Robinson, however, wasn’t all work and no play. He apparently took up golf in 1927, debuting his newfound hobby at the short-lived Everett Point Golf Course, on Lake Vermilion, where he scored a notably bad 92 on the nine-hole, par 35 course. At least you have to give him credit for honesty!

It appears he managed to hone his skills over the years, with subsequent scorecards, mostly from the Virginia Golf Course, indicating scores in the mid-40s on a nine-hole, par 36 course.

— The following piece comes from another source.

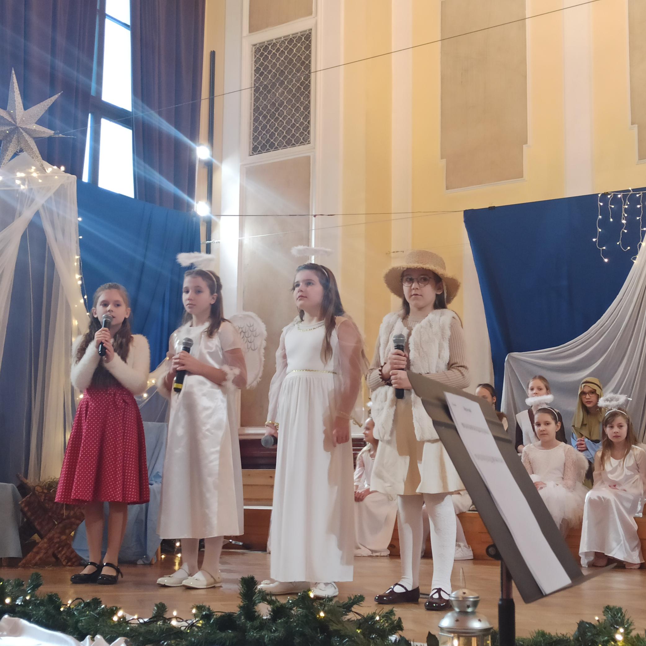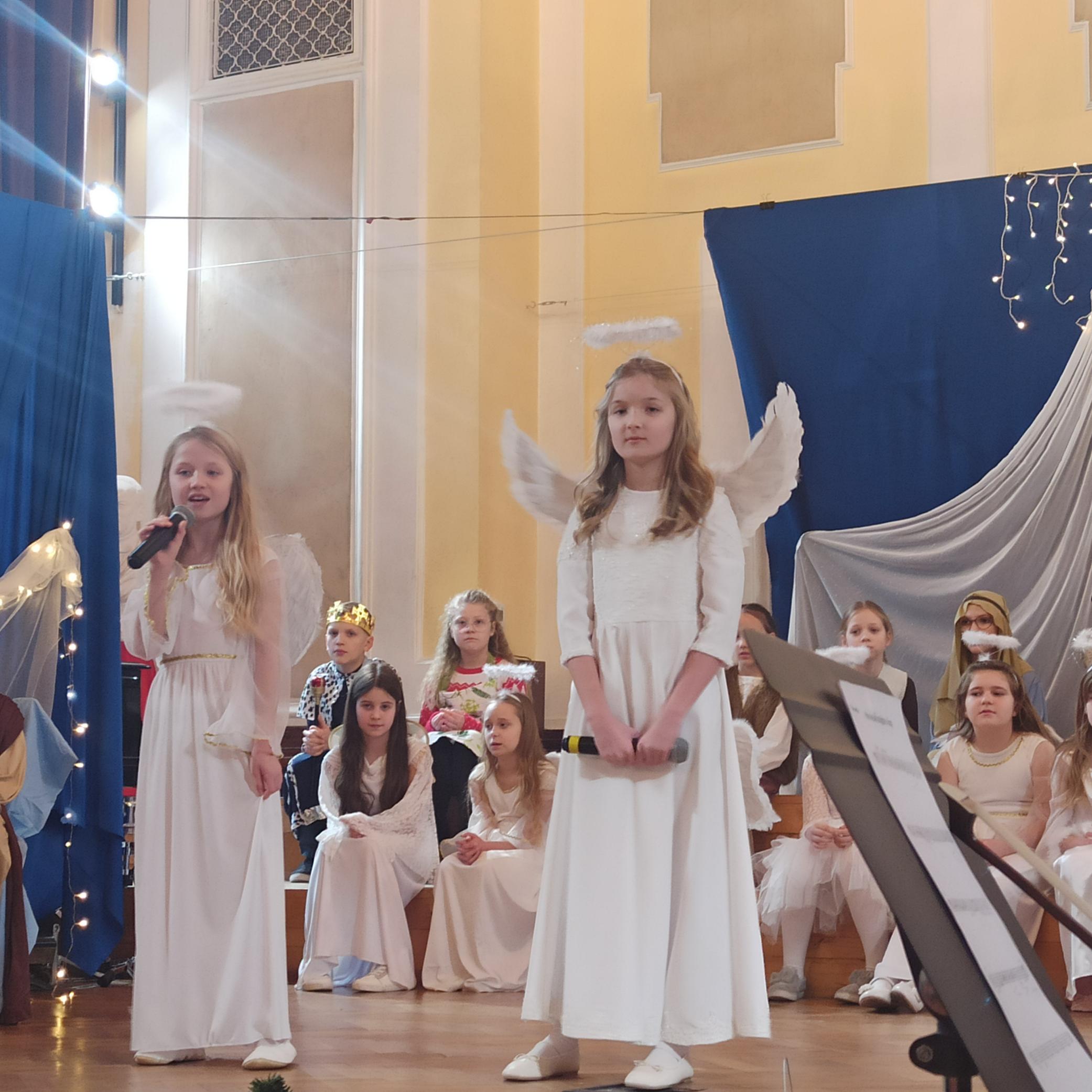 Mieliśmy możliwość ujrzeć sceny z narodzin Chrystusa, a także usłyszeć piękne kolędy i pastorałki. Podkład muzyczny do kolęd utworzyły dziewczynki z klasy 8. Orkiestra "dęciaków" dodatkowo uświetniła całą imprezę.

While scrapbooks are often focused on the personal, Robinson’s includes almost nothing of a personal nature. No apparent family photos, no mention of a wife, although it appears he had at least one daughter, Kathryn, who graduated from Eveleth High School in 1931. His collection includes a program from her graduation baccalaureate and news clippings of her exploits on the Eveleth swim team. He may have had another child, named Gael, whose homemade Easter greeting card to “Daddy” also made the cut for Robinson’s collection. His book also includes a Western Union telegram he received on April 11, 1934, informing him that his mother had died, in Alexandria Bay, New York. His extensive collection appears to include only a single tiny photo of himself, wearing a shirt, tie, vest, and fedora, taken at a work site somewhere on the Iron Range. His entries dwindle in the 1930s and disappear by the war years. There’s nothing to hint at his ultimate fate.

Indeed, the book mostly provides a detailed look at an industry and an era, and that probably makes it more valuable to those with an interest in the early years of mining on the Iron Range, which is extremely well documented in Robinson’s extensive clippings.

While the Christ-ophersons say they plan to spend more time going through the scrapbook, they expect they will eventually hand it over to a historical archive, such as the Tower-Soudan Historical Society or the Iron Range Research Center for permanent storage.